*Data segment*.
▽

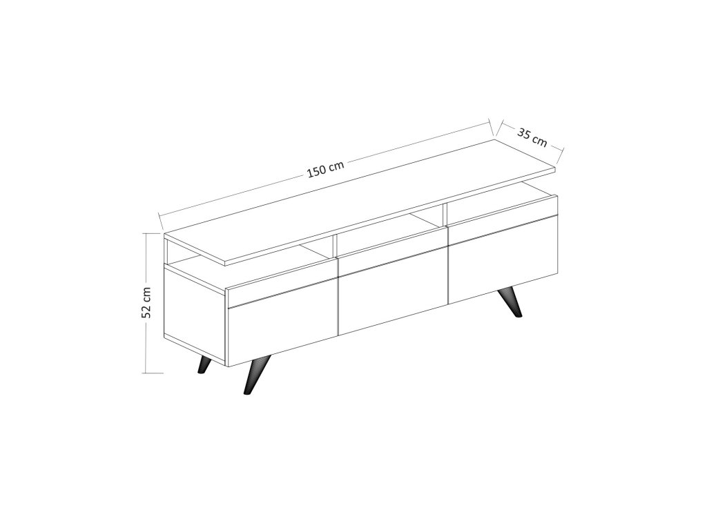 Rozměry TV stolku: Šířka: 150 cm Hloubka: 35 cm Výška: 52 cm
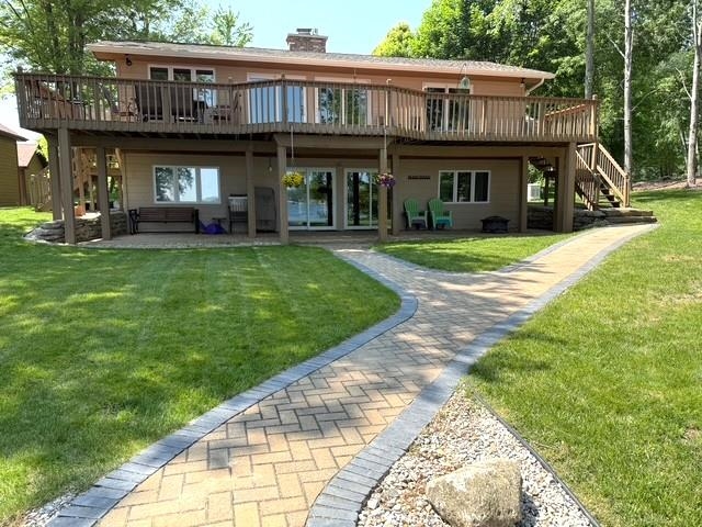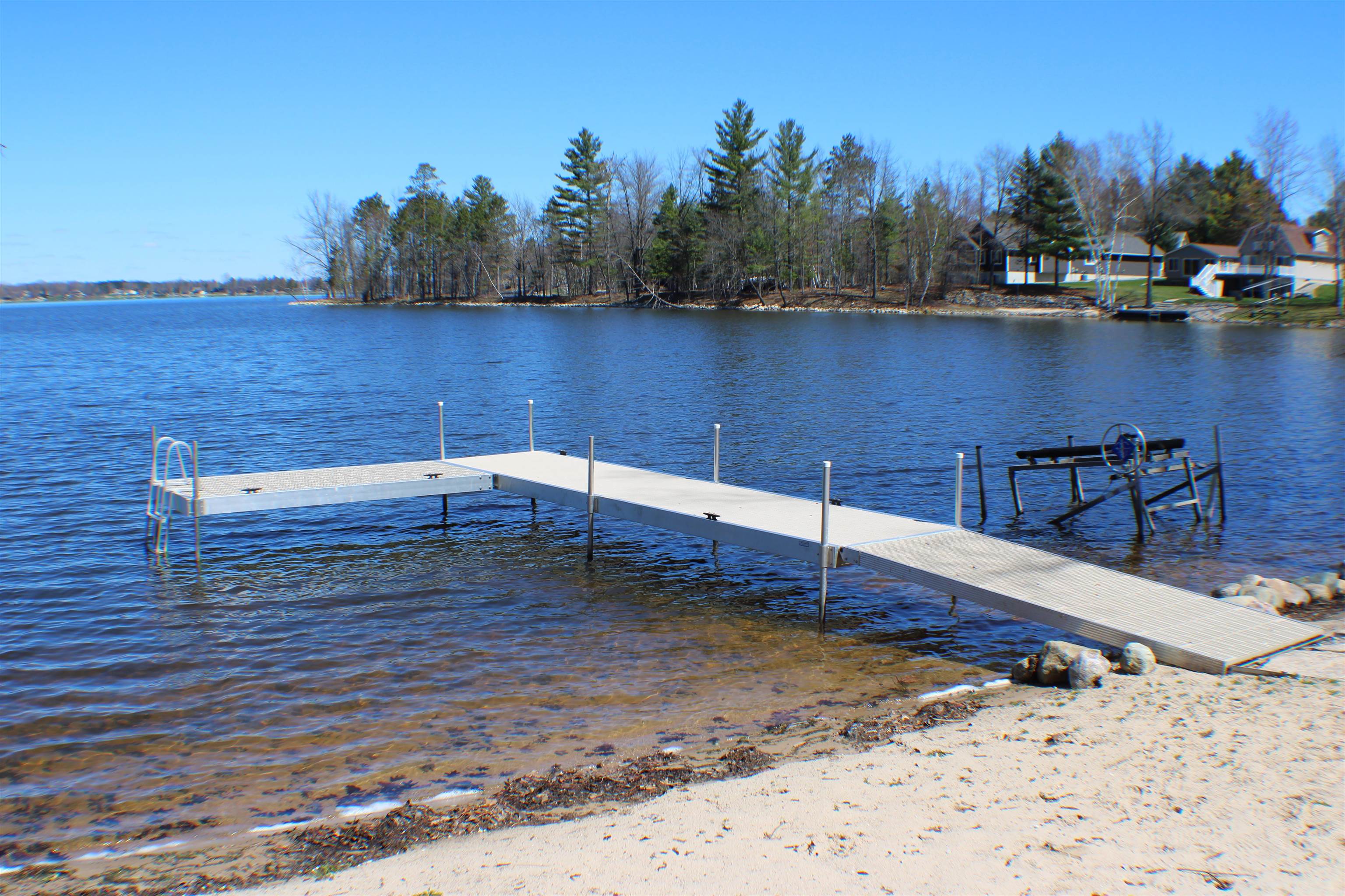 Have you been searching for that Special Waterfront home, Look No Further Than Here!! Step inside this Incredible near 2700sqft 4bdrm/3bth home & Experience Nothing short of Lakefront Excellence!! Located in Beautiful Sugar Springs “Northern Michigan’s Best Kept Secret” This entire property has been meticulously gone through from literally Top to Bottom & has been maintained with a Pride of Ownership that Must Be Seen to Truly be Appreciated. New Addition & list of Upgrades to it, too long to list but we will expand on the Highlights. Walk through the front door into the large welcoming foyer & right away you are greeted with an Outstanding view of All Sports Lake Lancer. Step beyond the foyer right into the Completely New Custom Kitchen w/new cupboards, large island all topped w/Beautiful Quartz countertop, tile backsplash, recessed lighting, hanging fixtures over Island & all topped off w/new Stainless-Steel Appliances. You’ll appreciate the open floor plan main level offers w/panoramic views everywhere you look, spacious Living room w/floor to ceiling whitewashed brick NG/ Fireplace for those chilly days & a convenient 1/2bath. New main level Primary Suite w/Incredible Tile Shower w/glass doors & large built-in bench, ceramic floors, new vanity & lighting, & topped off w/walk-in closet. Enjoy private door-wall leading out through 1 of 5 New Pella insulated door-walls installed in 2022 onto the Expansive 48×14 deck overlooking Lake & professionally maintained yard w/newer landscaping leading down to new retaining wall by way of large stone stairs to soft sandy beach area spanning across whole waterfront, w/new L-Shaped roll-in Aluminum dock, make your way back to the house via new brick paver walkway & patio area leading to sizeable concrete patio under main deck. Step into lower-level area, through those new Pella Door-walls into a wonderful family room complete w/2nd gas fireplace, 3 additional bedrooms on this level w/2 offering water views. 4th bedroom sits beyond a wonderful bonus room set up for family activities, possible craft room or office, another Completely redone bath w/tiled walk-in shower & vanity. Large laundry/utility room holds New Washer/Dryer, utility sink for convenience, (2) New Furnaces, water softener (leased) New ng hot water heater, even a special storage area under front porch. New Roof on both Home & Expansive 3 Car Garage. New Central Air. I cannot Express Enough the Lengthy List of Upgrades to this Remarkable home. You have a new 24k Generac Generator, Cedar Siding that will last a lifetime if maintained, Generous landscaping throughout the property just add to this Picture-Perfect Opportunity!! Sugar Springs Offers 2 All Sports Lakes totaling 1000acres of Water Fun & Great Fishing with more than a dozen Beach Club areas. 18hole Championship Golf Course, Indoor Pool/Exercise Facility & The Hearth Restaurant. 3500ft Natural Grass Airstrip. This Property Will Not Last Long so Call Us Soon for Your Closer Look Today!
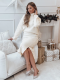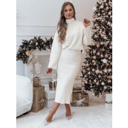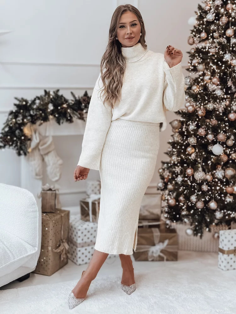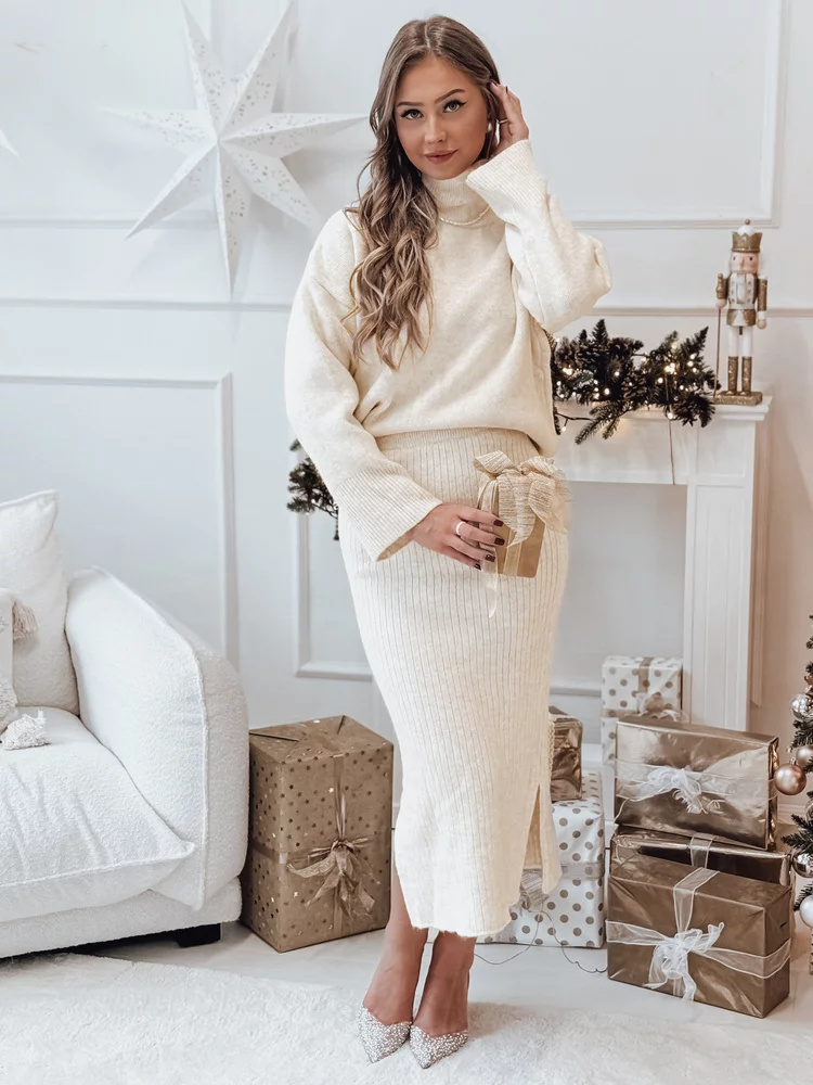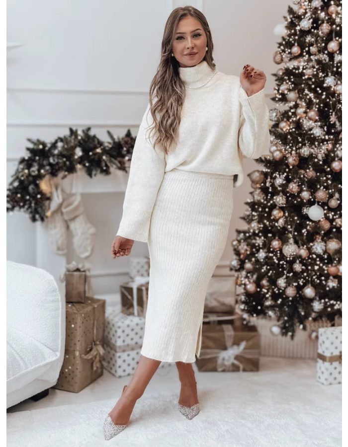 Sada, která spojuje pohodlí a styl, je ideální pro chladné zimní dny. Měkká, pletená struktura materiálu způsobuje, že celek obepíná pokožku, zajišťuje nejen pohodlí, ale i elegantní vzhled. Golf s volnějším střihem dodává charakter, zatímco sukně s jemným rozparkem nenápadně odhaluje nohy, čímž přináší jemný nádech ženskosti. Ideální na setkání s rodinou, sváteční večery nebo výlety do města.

△

*Aim of the exercise*.
Leave out the pictures and copy the rest of the material above exactly.

*Answer*.
 Rozměry TV stolku: Šířka: 150 cm Hloubka: 35 cm Výška: 52 cm
 Have you been searching for that Special Waterfront home, Look No Further Than Here!! Step inside this Incredible near 2700sqft 4bdrm/3bth home & Experience Nothing short of Lakefront Excellence!! Located in Beautiful Sugar Springs “Northern Michigan’s Best Kept Secret” This entire property has been meticulously gone through from literally Top to Bottom & has been maintained with a Pride of Ownership that Must Be Seen to Truly be Appreciated. New Addition & list of Upgrades to it, too long to list but we will expand on the Highlights. Walk through the front door into the large welcoming foyer & right away you are greeted with an Outstanding view of All Sports Lake Lancer. Step beyond the foyer right into the Completely New Custom Kitchen w/new cupboards, large island all topped w/Beautiful Quartz countertop, tile backsplash, recessed lighting, hanging fixtures over Island & all topped off w/new Stainless-Steel Appliances. You’ll appreciate the open floor plan main level offers w/panoramic views everywhere you look, spacious Living room w/floor to ceiling whitewashed brick NG/ Fireplace for those chilly days & a convenient 1/2bath. New main level Primary Suite w/Incredible Tile Shower w/glass doors & large built-in bench, ceramic floors, new vanity & lighting, & topped off w/walk-in closet. Enjoy private door-wall leading out through 1 of 5 New Pella insulated door-walls installed in 2022 onto the Expansive 48×14 deck overlooking Lake & professionally maintained yard w/newer landscaping leading down to new retaining wall by way of large stone stairs to soft sandy beach area spanning across whole waterfront, w/new L-Shaped roll-in Aluminum dock, make your way back to the house via new brick paver walkway & patio area leading to sizeable concrete patio under main deck. Step into lower-level area, through those new Pella Door-walls into a wonderful family room complete w/2nd gas fireplace, 3 additional bedrooms on this level w/2 offering water views. 4th bedroom sits beyond a wonderful bonus room set up for family activities, possible craft room or office, another Completely redone bath w/tiled walk-in shower & vanity. Large laundry/utility room holds New Washer/Dryer, utility sink for convenience, (2) New Furnaces, water softener (leased) New ng hot water heater, even a special storage area under front porch. New Roof on both Home & Expansive 3 Car Garage. New Central Air. I cannot Express Enough the Lengthy List of Upgrades to this Remarkable home. You have a new 24k Generac Generator, Cedar Siding that will last a lifetime if maintained, Generous landscaping throughout the property just add to this Picture-Perfect Opportunity!! Sugar Springs Offers 2 All Sports Lakes totaling 1000acres of Water Fun & Great Fishing with more than a dozen Beach Club areas. 18hole Championship Golf Course, Indoor Pool/Exercise Facility & The Hearth Restaurant. 3500ft Natural Grass Airstrip. This Property Will Not Last Long so Call Us Soon for Your Closer Look Today!
 Sada, která spojuje pohodlí a styl, je ideální pro chladné zimní dny. Měkká, pletená struktura materiálu způsobuje, že celek obepíná pokožku, zajišťuje nejen pohodlí, ale i elegantní vzhled. Golf s volnějším střihem dodává charakter, zatímco sukně s jemným rozparkem nenápadně odhaluje nohy, čímž přináší jemný nádech ženskosti. Ideální na setkání s rodinou, sváteční večery nebo výlety do města.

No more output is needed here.